Although not enacted yet, some of the articles in the bill regarding the new tax regulations that are being discussed in the Grand National Assembly of Turkey, VAT and SCT paid in the purchase of passenger cars used for both commercial gain and self-employment activities, depreciation and expenses of those taken into the inventory, and deduction from the tax base of passenger cars acquired through leasing. Regarding the limitations on the rental fees that can be made.
The envisaged regulation covers all passenger cars regardless of any business size, field of activity, or for what purpose they are used within the business. Excluded are those whose activities are partly or wholly in the rental or operation of passenger cars for this purpose. However, in any case, passenger cars must be for the purpose of obtaining and maintaining commercial and professional income. It is not possible to deduct the expenses of passenger cars that are not used outside of operating activities or for the purpose of earning income, even if they are included in the inventory.
With the new regulation, the limitations on depreciation and expenses related to passenger cars of those who earn commercial income and those who are self-employed are as follows;
|Expense Type||Expense Ceiling Amount and Ratio|
|Monthly rental fee that can be expensed for each of the passenger cars acquired through leasing (*)||5.500.-TL|
|The sum of the special consumption tax and value added tax that can be expensed on the acquisition of passenger cars||115.000.-TL|
|The rate that can be deducted from the tax base from the expenses related to passenger cars(*)||% 70|
|Depreciation ceiling to be expensed over the first acquisition price (*)||135.000.-TL|
|If the VAT and SCT amount is included in the cost, the depreciation ceiling that can be expensed in the first acquisition (*)||250,000.-TL|
*Except for those whose activities are partly or wholly renting or operating passenger cars for this purpose.
What Will Happen to Expenses That Cannot Be Discounted?

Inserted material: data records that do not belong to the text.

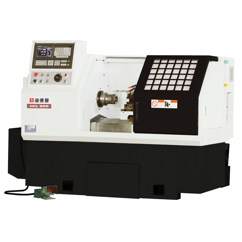 HCL300能自動完成內、外圓柱面、圓錐面、圓弧曲面、端面及公、英制螺紋等切削加工。采用了HEADMANSeries1000系統,功能強大。同時選用四工位電動刀具,端齒盤定位,重復定位的精度高。主軸最高轉速達到了2700轉。
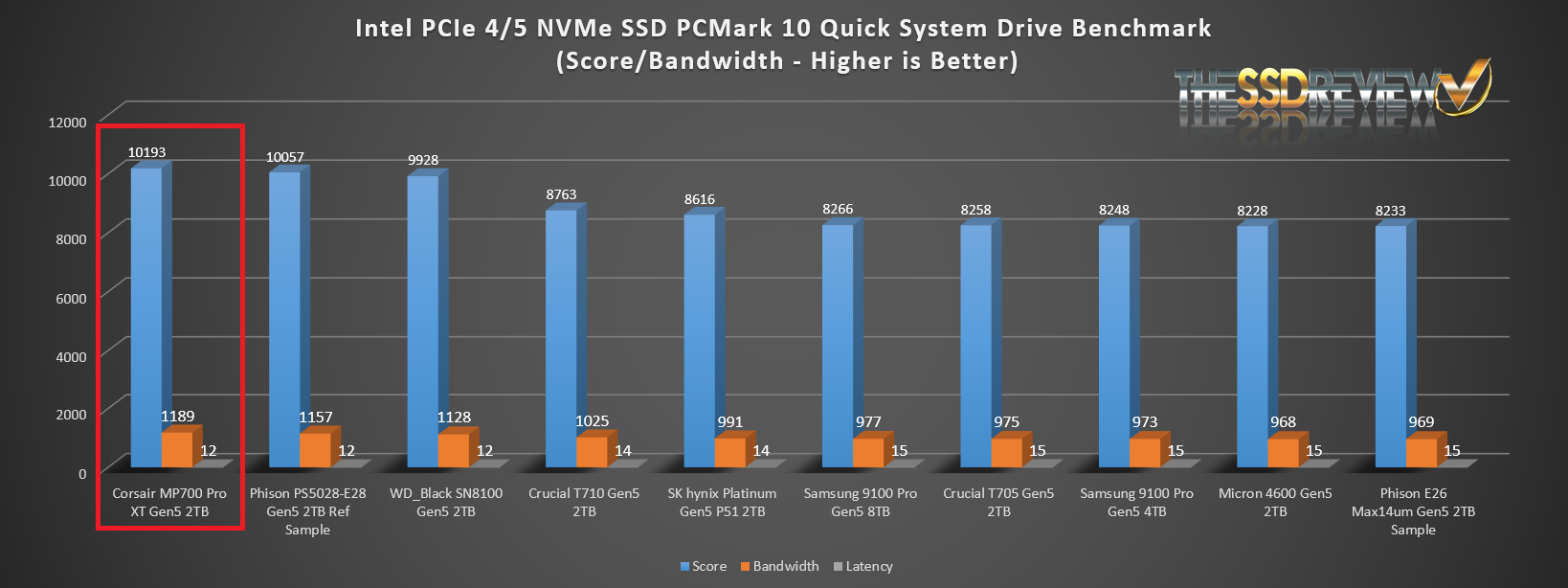 Just as we saw with the Full System Drive Benchmark, the Corsair MP700 Pro XT returned the best result to date in Quick System Drive Testing as well.
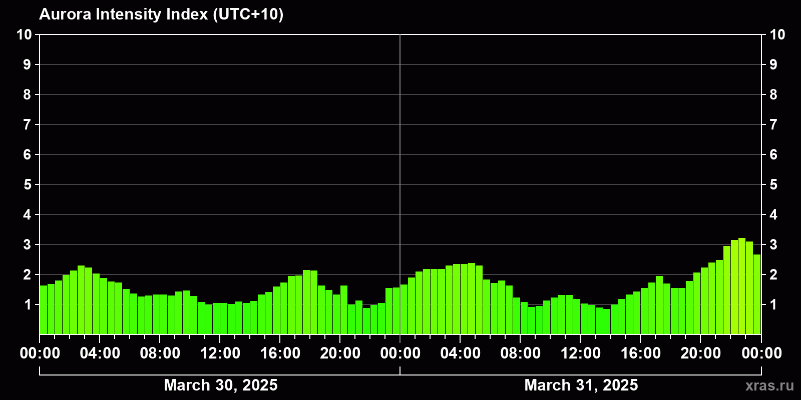 Changes in the auroral intensity index from 2025-03-31 to 2025-04-01 local time
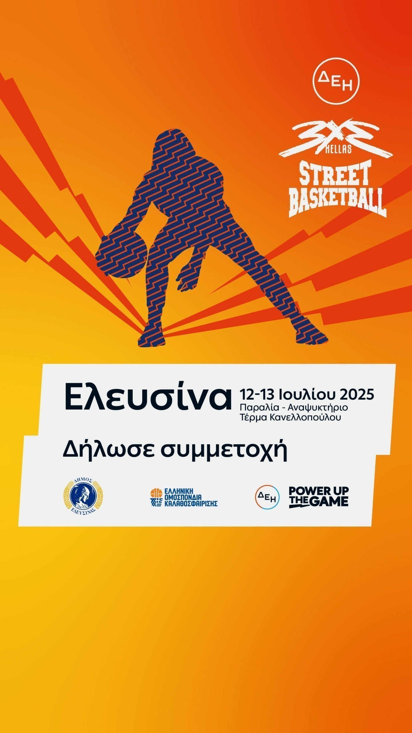 Το ΔΕΗ 3×3 Street Basketball συνεχίζει το ταξίδι του σε όλη την Ελλάδα και κάνει στάση στην Ελευσίνα, στις 12 και 13 Ιουλίου. Η παραλία της Ελευσίνας, στο Αναψυκτήριο (τέρμα Κανελλοπούλου), μεταμορφώνεται σε ανοιχτό γήπεδο 3×3 για όλους, με αγώνες που υπόσχονται ένταση, ρυθμό και πολλές εκπλήξεις.

Expenses related to the activity, which cannot be deducted from the tax base due to the regulations in the laws, are added to the tax base as Legally Unacceptable Expenses (KKEG) in the income or corporate tax returns of the relevant companies. For this reason, the commercial gains in the income statements and balance sheets of the enterprises and the financial gains that make up the tax base differ. As KKEG, there are payments that are not considered as expenses in the determination of the tax base as per the law, even if they are related to activities such as motor vehicle taxes, traffic fines and fines of passenger cars.
With the foreseen regulation, the amount exceeding this amount must be recorded as KKEG for passenger car rentals over 5,500.-TL per month.
Again, % 70 part of the expenses related to passenger cars will be taken into account as an expense in the determination of the tax base, while % 30 part will be considered as KKEG.
While the part of the monthly price exceeding 5.500.-TL in passenger car rentals and the value added taxes related to % 70 part of the expenses related to passenger cars are subject to deduction in VAT returns, VAT corresponding to amounts exceeding this amount and this rate are subject to discount in VAT returns. will not be done.
E.g Only 5.500.-TL of the passenger car rented with a monthly fee of 10.000.-TL plus 1.800.-TL VAT can be deducted by the commercial enterprise in the determination of the tax base, and 990.-TL corresponding to this amount (5.500 x % 18 =) The subject of deduction will be made in the VAT declaration and the rest will be evaluated as KKEG.